To do: Below are some records. Retype exactly the lines from the one containing "Ингредиенты: - 2" through the one containing "注意:PQ在調整一個分區容量", both included, skipping every picture.

Source data:
"""
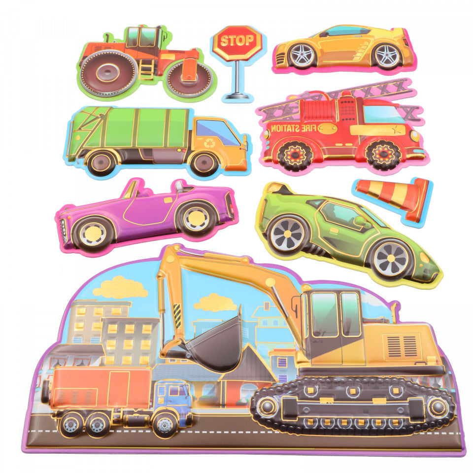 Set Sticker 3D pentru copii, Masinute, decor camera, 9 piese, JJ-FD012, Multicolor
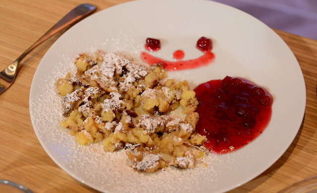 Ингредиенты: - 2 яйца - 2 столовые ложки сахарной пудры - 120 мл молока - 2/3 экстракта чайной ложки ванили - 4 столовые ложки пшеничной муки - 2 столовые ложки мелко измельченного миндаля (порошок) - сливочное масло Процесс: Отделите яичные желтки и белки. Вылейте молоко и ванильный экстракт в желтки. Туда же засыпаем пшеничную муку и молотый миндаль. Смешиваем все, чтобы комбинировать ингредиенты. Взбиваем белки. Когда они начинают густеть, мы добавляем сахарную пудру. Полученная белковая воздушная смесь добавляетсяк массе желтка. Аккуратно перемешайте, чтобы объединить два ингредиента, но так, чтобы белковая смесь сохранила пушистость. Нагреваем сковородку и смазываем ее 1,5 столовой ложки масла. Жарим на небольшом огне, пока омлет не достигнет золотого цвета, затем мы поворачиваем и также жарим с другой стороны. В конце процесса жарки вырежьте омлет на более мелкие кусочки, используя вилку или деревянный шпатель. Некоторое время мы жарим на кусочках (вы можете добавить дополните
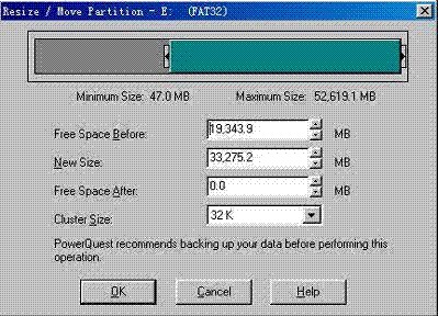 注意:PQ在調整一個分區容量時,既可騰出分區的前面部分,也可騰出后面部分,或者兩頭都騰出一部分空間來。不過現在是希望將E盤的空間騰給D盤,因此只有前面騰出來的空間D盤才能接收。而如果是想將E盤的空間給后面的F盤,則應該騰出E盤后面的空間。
"""
"""
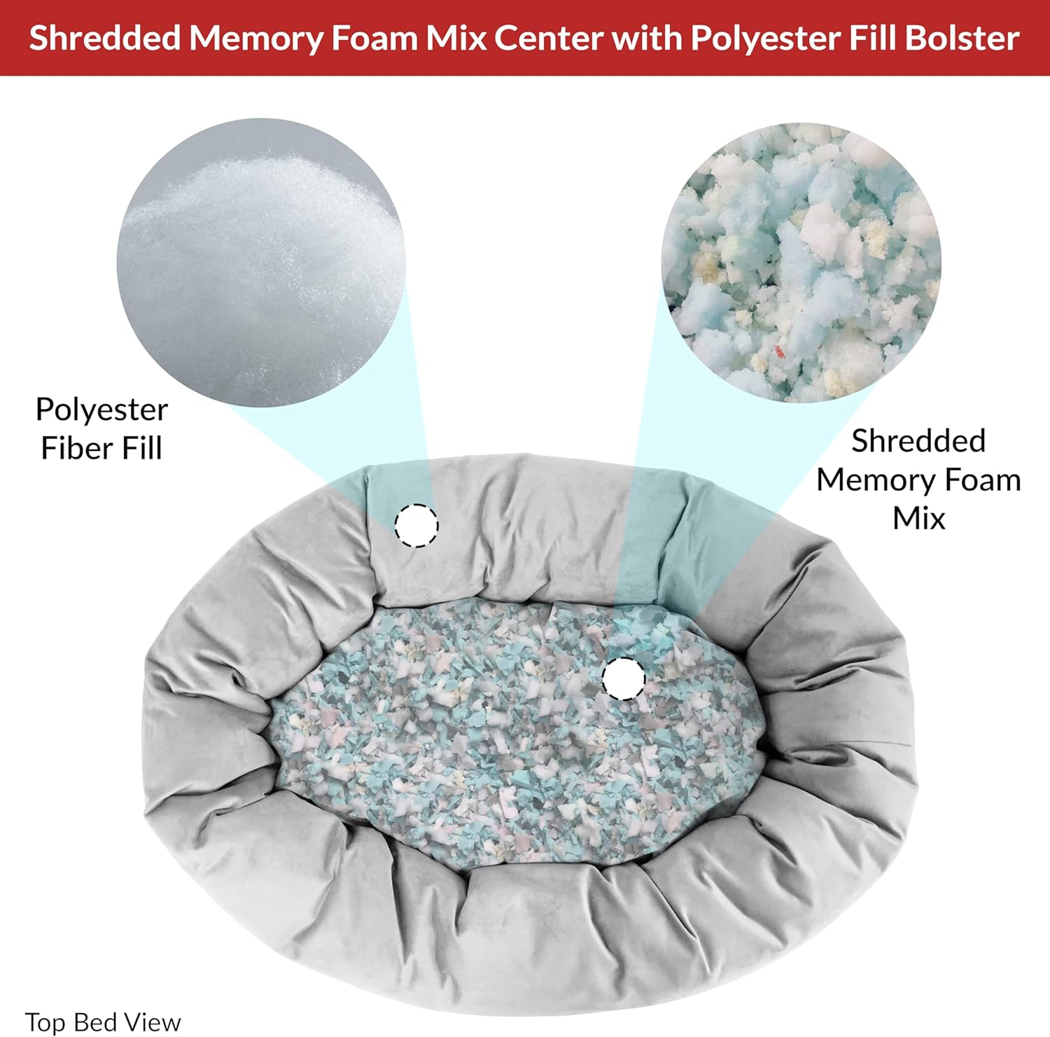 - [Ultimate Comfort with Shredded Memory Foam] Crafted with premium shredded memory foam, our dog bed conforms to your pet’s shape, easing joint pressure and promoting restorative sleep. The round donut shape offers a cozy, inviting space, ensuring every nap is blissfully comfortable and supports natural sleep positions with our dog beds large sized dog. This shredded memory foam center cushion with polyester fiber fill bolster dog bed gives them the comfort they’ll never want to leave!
"""
Exercise output:
 Ингредиенты: - 2 яйца - 2 столовые ложки сахарной пудры - 120 мл молока - 2/3 экстракта чайной ложки ванили - 4 столовые ложки пшеничной муки - 2 столовые ложки мелко измельченного миндаля (порошок) - сливочное масло Процесс: Отделите яичные желтки и белки. Вылейте молоко и ванильный экстракт в желтки. Туда же засыпаем пшеничную муку и молотый миндаль. Смешиваем все, чтобы комбинировать ингредиенты. Взбиваем белки. Когда они начинают густеть, мы добавляем сахарную пудру. Полученная белковая воздушная смесь добавляетсяк массе желтка. Аккуратно перемешайте, чтобы объединить два ингредиента, но так, чтобы белковая смесь сохранила пушистость. Нагреваем сковородку и смазываем ее 1,5 столовой ложки масла. Жарим на небольшом огне, пока омлет не достигнет золотого цвета, затем мы поворачиваем и также жарим с другой стороны. В конце процесса жарки вырежьте омлет на более мелкие кусочки, используя вилку или деревянный шпатель. Некоторое время мы жарим на кусочках (вы можете добавить дополните
 注意:PQ在調整一個分區容量時,既可騰出分區的前面部分,也可騰出后面部分,或者兩頭都騰出一部分空間來。不過現在是希望將E盤的空間騰給D盤,因此只有前面騰出來的空間D盤才能接收。而如果是想將E盤的空間給后面的F盤,則應該騰出E盤后面的空間。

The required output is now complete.